Task objective: Only the lines from the one holding "อุทยานหลุมบ่อฟ้า - อุทยานเขานางฟ้า" through the end of the material are to be repeated, exactly and without pictures.

*** Material provided Section Begins ***

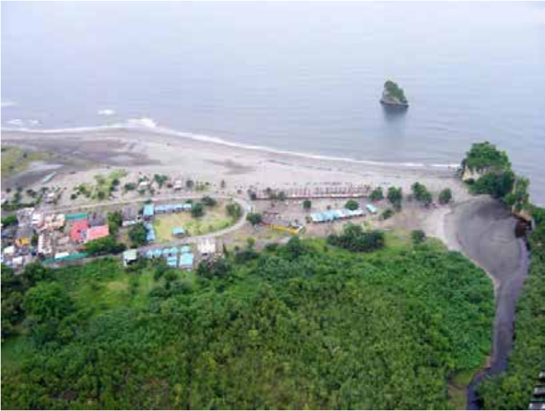
Fotografía 5. Vista aérea, Isla del Morro, 2008.
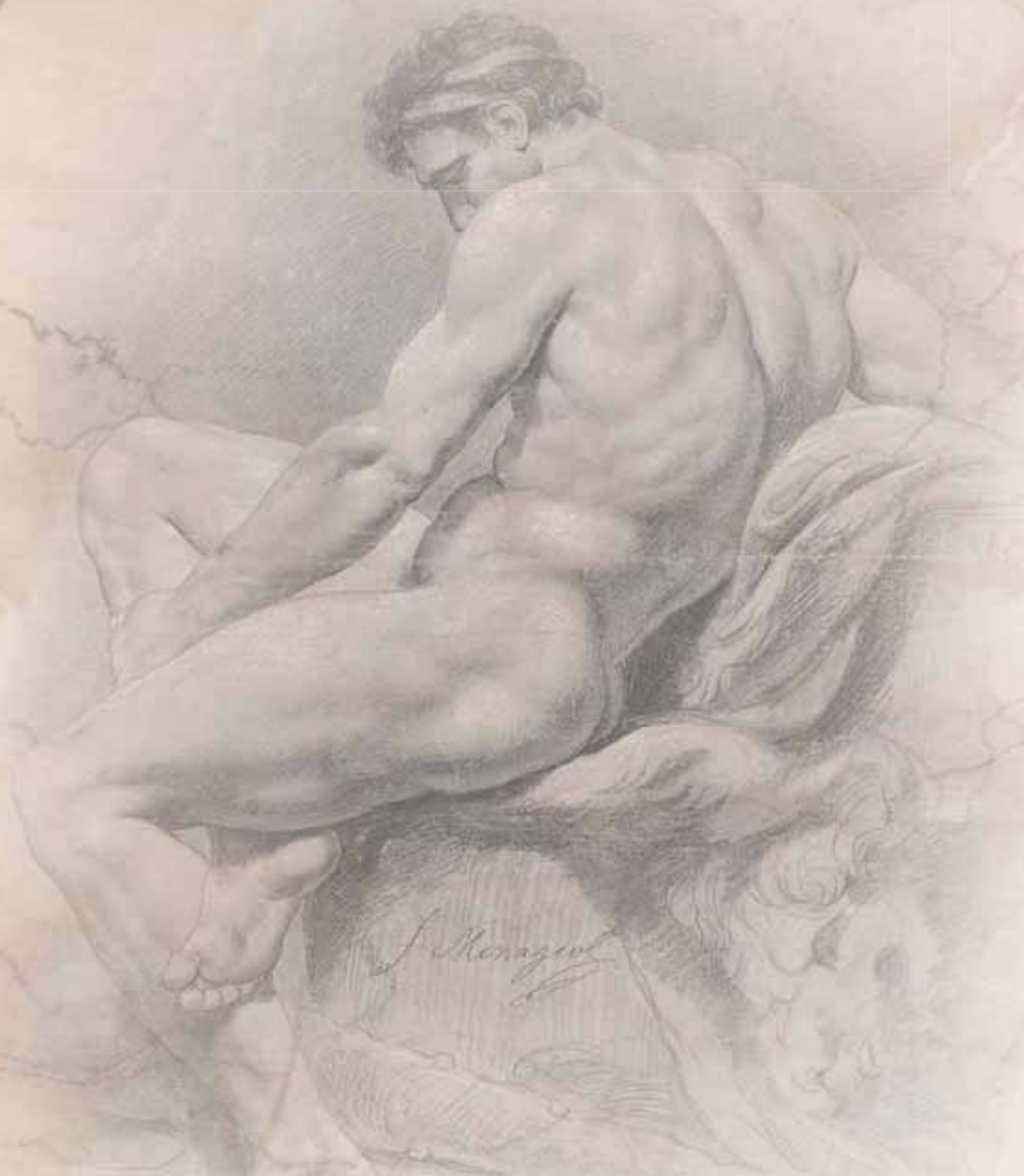
Геркл на отдыхе. Левый профиль. Франсуа-Гильем Менажо. XIX в.
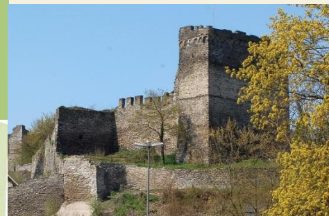
Die Burg Altewied thront über der Wied
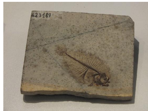
Eobothus Eozän Monte Bolca

Fische sind die ältesten Wirbeltiere. Die frühesten bekannten Formen lebten bereits vor mehr als 500 Millionen Jahren. Heute kennen wir rund 35'000 verschiedene Fischarten, von denen der grösste Teil zu den Knochenfischen gehört. Ebenso vielfältig wie ihr Körperbau ist auch die Lebensweise der Fische. Der Vortrag von Dr. Toni Bürgin beleuchtete mit ausgewählten
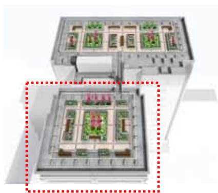
【ドッグランエリア】
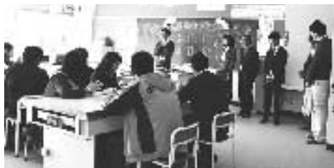
1時間目：入学式・HRには槻川小学校の家庭科室を使わせていただきました。
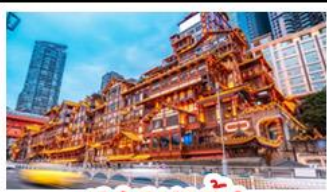
แสงเขยาดัง

อุทยานหลุมบ่อฟ้า - อุทยานเขานางฟ้า หงหยาดัง - นั่งรถไฟทะเลสาบ - อุทยานสี่ดรุณี ปี่ผิงโกว - สะพานหนานเฉียว
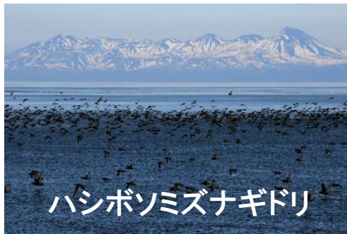
ハシボソミズナギドリ

*** Material provided Section Ends ***

Output for this task:
อุทยานหลุมบ่อฟ้า - อุทยานเขานางฟ้า หงหยาดัง - นั่งรถไฟทะเลสาบ - อุทยานสี่ดรุณี ปี่ผิงโกว - สะพานหนานเฉียว
ハシボソミズナギドリ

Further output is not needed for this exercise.